Telford was NAIDOC Youth of the Year in 2014, when she was Indigenous Coordinator for the Australian Youth Climate Coalition, and planning to expand the Indigenous program to train and mentor around 50 Indigenous young people across the country. She was also awarded Bob Brown's 2015 Young Environmentalist for the Year award, and Australian Geographic Young Conservationist of the Year in 2015.

In 2018, Seed released the documentary short film Water is Life, which showed the dangers of fracking in the Northern Territory. It was filmed over two years and funded by supporters. The team travelled to North Dakota, US, where they talked to native American community member Kandi Mosset, who is featured in the film showing how fracking has impacted their community since its inception in 2006. In the film, community leaders in Borroloola relate the impact of climate change on bush foods, among other things.

In August 2020, Seed became an independent entity, registered with the ACNC as Seed Indigenous Youth Climate Network Ltd. With the new status, the board would comprise only First Nations people, and the number of paid staff was increased.

==Description==
Seed Mob is an Indigenous youth climate network in Australia, led by Aboriginal and Torres Strait Islander young people. It does not accept government funding, and all potential donors are screened to ensure that their support aligns with Seed's values. It relies heavily on funding by community members.

Co-founder Amelia Telford, is as of 2021 its national director. As of 2024 Ivan Ingram is chair of the organisation.

Its aims "to build the skills, confidence, and networks of young First Nations people to protect our land, water and future from the impacts of climate change", and amplify First Nations communities' voices in order to lead to solutions to reduce the impact of climate change in Australia.

Seed Mob relies on its network of volunteers, who work to protect country from fossil fuel extraction on sacred land, and support other groups working in climate change activism.

==Campaigns and activism==
Seed has supported other activist groups, such as joining in a flotilla action by the Pacific Climate Warriors in 2014, blocking the Newcastle coal port for a full day.

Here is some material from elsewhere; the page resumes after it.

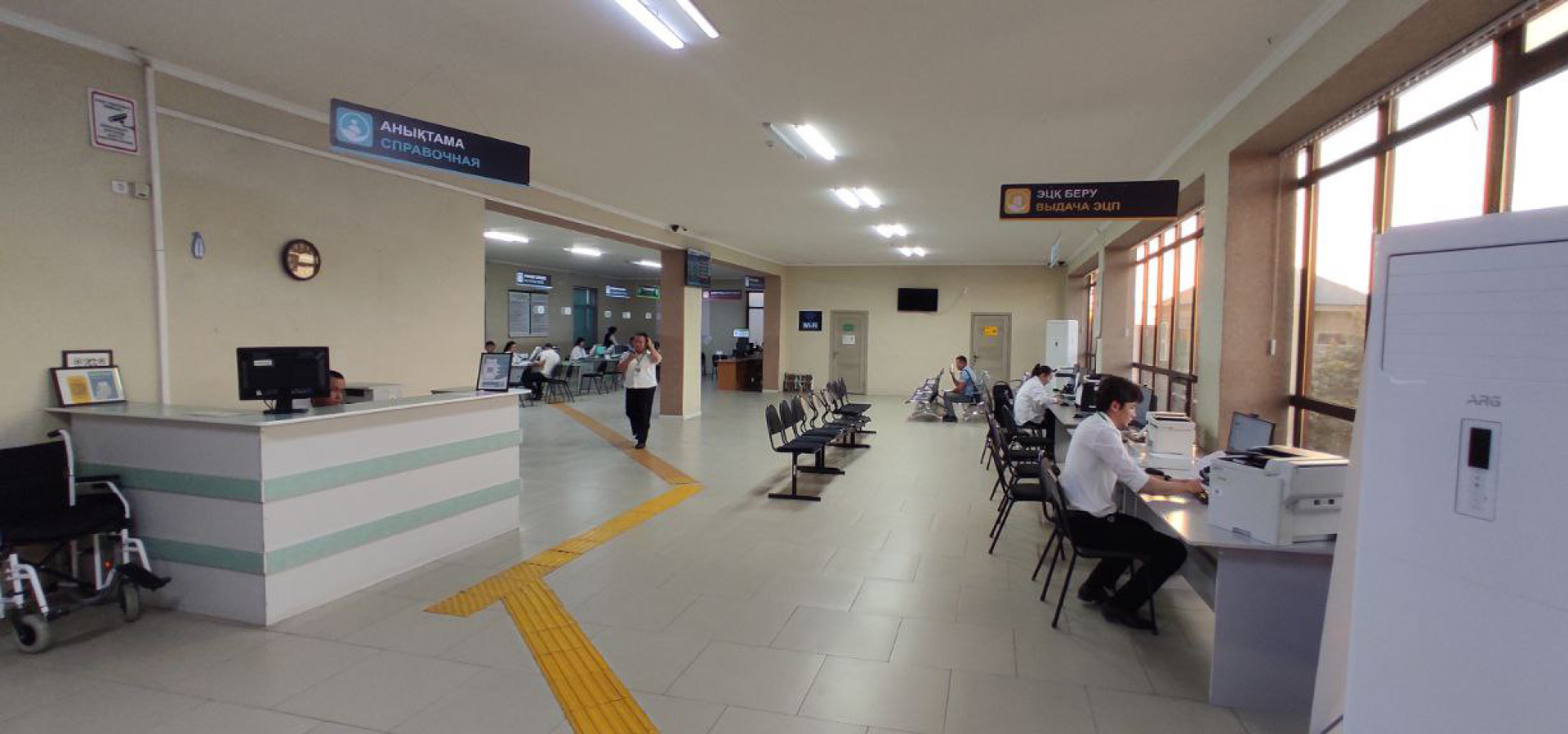 Мы также выяснили, насколько в Меркенском районе доступны социальные услуги. Меркенский ЦОН в точности повторяет многие отделения Алматы. То же оформление, та же электронная очередь:
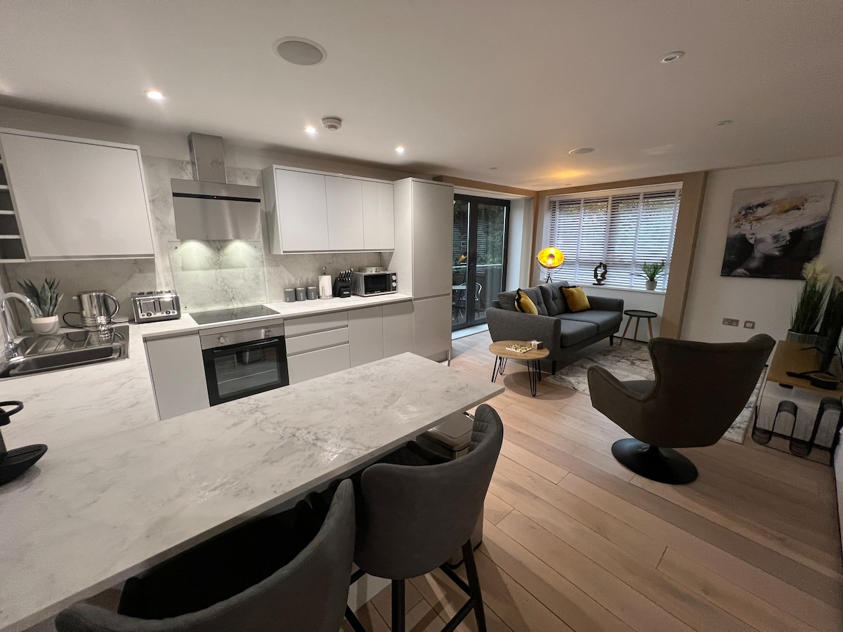 A well appointed 2 bedroom and 2 bath in the riverside Brewery Wharf right in the city centre. An open plan living space with a well equipped kitchen appointed with oven, fridge/freezer, washing machine and dishwasher. The lounge has a comfortable sofa bed for occasional use. Both bedrooms are doubles. A balcony off the lounge and also main bedroom. In a buzzing location on your doorstep but a very quiet and highly-regarded apartment complex. Free parking space underneath access via lift.

In 2017, Seed, then in an alliance of 13 environmental groups as part of the Australian Youth Climate Coalition, was successful, after a three-year campaign targeting Australia's four largest banks to rule out funding the Adani coal mine in Queensland (now the Stop Adani campaign), in getting Westpac to change their policies.

By 2017 the group was holding regular protests in Canberra, including one in which hundreds of lanterns spelt out "Land Rights not Mining Rights" on the lawns of Parliament House.

Since Origin Energy announced plans to start gas fracking in the Beetaloo Basin in the Northern Territory in November 2019, Seed has been campaigning against the company's plans. It produced a film about the campaign called Water is Life in 2019.

In 2020, the group supported Gomeroi Traditional Owners in New South Wales in to protest against recent approval of Santos' gas project in Narrabri, which planned to drill 850 wells in the Pilliga forest in north-central NSW. Thousands marched across the country to oppose the billion project.

==Media and global impact==
Since their 2018 documentary Water is Life, the title has become a widely-shared slogan across the world.

In 2019, Hollywood star Leonardo DiCaprio shared a photo on Instagram of the group staging a sit-in at Parliament House, Canberra, calling for the cessation of fracking, coal mining and water sharing.

==Partners==
Seed has investment partnerships with businesses whose values align with the organisation, such as Bank Australia.